Early-stage research led by Brigham and Women’s Hospital shows that an engineered virus can significantly increase survival in patients with recurring glioblastoma brain tumors who have limited or no other treatment options.
The engineered virus—CAN-3110—was created by U.S. biotech Candel Therapeutics, which has a focus on creating novel immunotherapies to treat cancer. It is an engineered herpes simplex virus designed to target cancer cells by making them more visible to the immune system.
The viral neurovirulence ICP34.5 gene is present in CAN-3110, which is linked to the neural filament protein nestin. Nestin is present at high levels in glioblastoma and other similar tumors, but not in healthy adult brain tissue, making it a useful target.
“Recurrent high-grade gliomas including recurrent glioblastoma are characterized by rapid neurological morbidity and survival of less than ten months,” write E. Antonio Chiocca, a professor at Harvard Medical School and neurosurgeon at Brigham and Women’s Hospital, and colleagues in a Nature paper describing the Phase I study.
“Although much is known of the genetics, cellular composition and evolution of high-grade gliomas and glioblastoma, this has not translated into successful therapies.”
It is thought that the many trial failures linked to this kind of brain cancer is due, at least in part, to the extremely immune suppressive environment of these types of tumors.
In this study, 41 patients with recurrent glioblastoma, which typically has survival of six to nine months, were enrolled in the trial and injected with CAN-3110.
Overall, the treatment increased median overall survival to 11.6 months in trial participants.
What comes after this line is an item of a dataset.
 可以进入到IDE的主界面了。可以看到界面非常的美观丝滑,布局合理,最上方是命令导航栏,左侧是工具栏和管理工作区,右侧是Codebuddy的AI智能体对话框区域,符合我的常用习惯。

Notably, this went up to a median of 14.2 months in those with pre-existing herpes simplex antibodies and was only 7.8 months in those without herpes specific antibodies.
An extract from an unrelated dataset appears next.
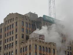 Video from TV stations showed thick rolling clouds of black smoke near the top of the 14-story Maccabees Building, a nearly century-old building designed by Albert Kahn, along Woodward Avenue, just north of downtown.

Two patients had seizures needing hospitalization that were thought to be related to CAN-3110, but no dose-limiting toxicities or adverse events linked to the presence of the viral neurovirulence gene ICP34.5 were observed.
“Importantly, approximately 30% of seronegative patients at baseline seroconverted after CAN-3110 treatment. Those patients also exhibited increased survival, suggesting the possibility of leveraging this mechanism and further improving survival upon multiple injections,” said Chiocca in a press statement.
The company now plans to further validate the data and test for safety with a view to progressing CAN-3110 towards expanded testing and eventual market approval for treatment of glioblastoma.
Candel is led by Paul Peter Tak, previously a senior VP and Chief Immunology Officer at GSK, as well as Professor of Medicine and Chair of the Department of Clinical Immunology and Rheumatology at the Amsterdam University Medical Center. It’s most advanced therapeutic candidate is an engineered adenovirus (CAN-2409), which is currently in late stage trials for treating prostate cancer.